* _Instructions for the task_
Only what runs from the line with "Przede wszystkim funkcjonalność" to the end of the data should appear in the answer, exactly as written and without pictures.

* _Dataset extract_
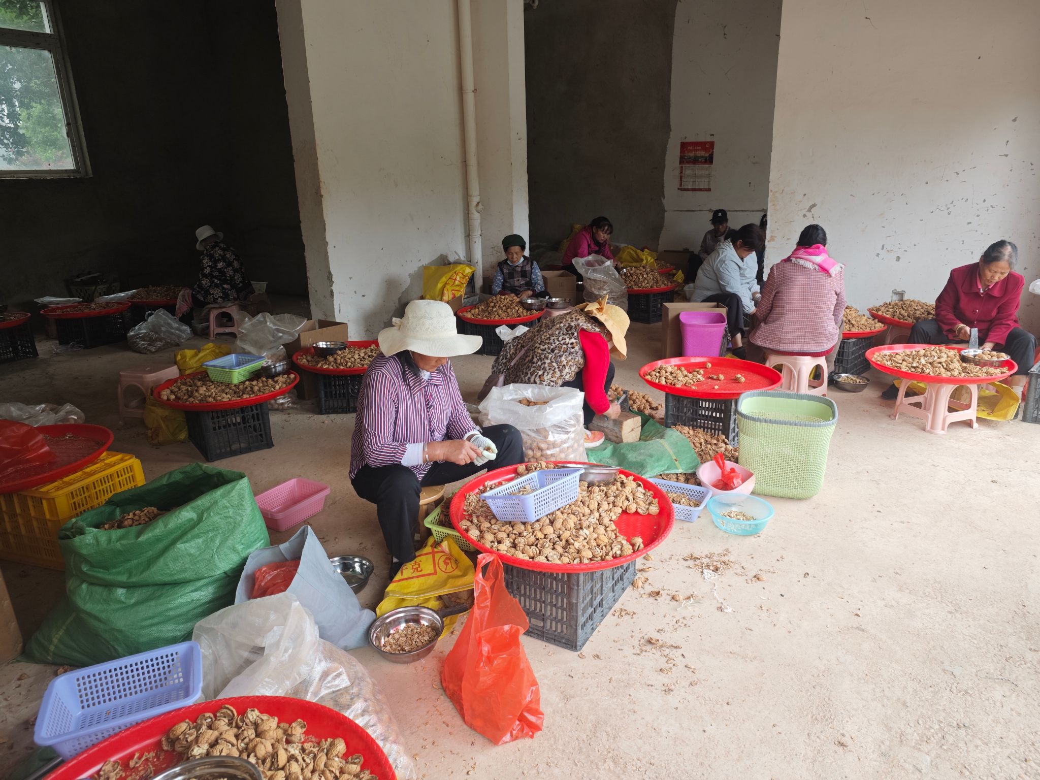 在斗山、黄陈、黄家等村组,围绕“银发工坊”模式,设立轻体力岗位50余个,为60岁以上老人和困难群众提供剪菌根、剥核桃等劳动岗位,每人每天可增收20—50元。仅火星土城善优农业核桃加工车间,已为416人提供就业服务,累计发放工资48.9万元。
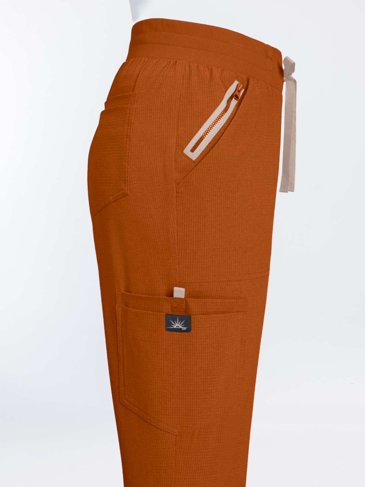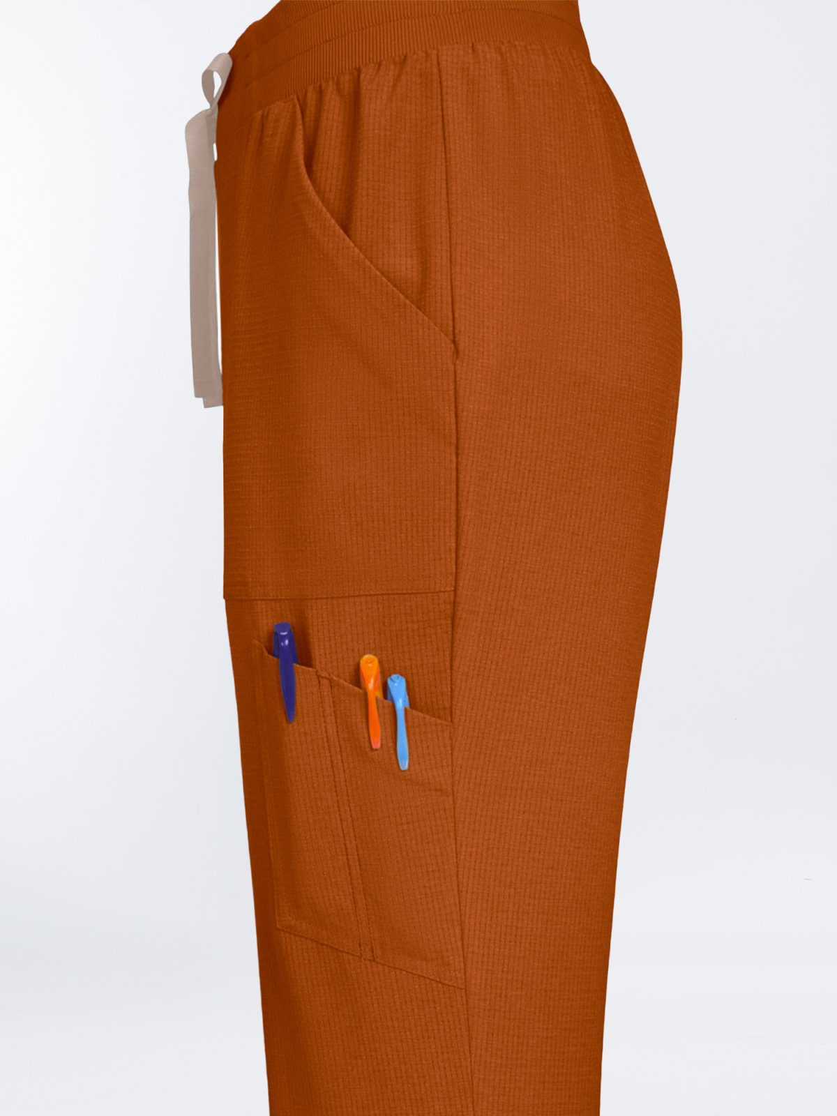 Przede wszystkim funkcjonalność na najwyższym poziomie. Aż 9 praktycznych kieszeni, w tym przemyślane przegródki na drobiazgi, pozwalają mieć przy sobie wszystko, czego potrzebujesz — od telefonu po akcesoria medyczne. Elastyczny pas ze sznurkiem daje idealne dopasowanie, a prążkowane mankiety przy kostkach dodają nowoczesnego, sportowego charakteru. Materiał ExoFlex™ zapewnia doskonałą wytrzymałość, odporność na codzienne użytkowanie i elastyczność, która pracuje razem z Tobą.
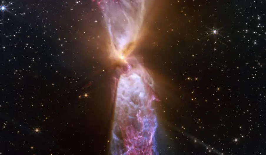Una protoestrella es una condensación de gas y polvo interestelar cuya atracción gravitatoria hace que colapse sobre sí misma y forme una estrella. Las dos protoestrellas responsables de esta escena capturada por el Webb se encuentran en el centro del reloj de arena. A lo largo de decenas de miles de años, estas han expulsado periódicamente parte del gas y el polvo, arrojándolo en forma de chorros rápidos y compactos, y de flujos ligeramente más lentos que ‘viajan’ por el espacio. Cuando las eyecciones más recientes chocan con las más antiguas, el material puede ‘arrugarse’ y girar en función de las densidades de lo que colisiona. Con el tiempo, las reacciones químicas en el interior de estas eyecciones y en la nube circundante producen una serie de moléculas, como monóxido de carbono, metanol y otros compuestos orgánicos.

* _Reply to the task_
 Przede wszystkim funkcjonalność na najwyższym poziomie. Aż 9 praktycznych kieszeni, w tym przemyślane przegródki na drobiazgi, pozwalają mieć przy sobie wszystko, czego potrzebujesz — od telefonu po akcesoria medyczne. Elastyczny pas ze sznurkiem daje idealne dopasowanie, a prążkowane mankiety przy kostkach dodają nowoczesnego, sportowego charakteru. Materiał ExoFlex™ zapewnia doskonałą wytrzymałość, odporność na codzienne użytkowanie i elastyczność, która pracuje razem z Tobą.
Una protoestrella es una condensación de gas y polvo interestelar cuya atracción gravitatoria hace que colapse sobre sí misma y forme una estrella. Las dos protoestrellas responsables de esta escena capturada por el Webb se encuentran en el centro del reloj de arena. A lo largo de decenas de miles de años, estas han expulsado periódicamente parte del gas y el polvo, arrojándolo en forma de chorros rápidos y compactos, y de flujos ligeramente más lentos que ‘viajan’ por el espacio. Cuando las eyecciones más recientes chocan con las más antiguas, el material puede ‘arrugarse’ y girar en función de las densidades de lo que colisiona. Con el tiempo, las reacciones químicas en el interior de estas eyecciones y en la nube circundante producen una serie de moléculas, como monóxido de carbono, metanol y otros compuestos orgánicos.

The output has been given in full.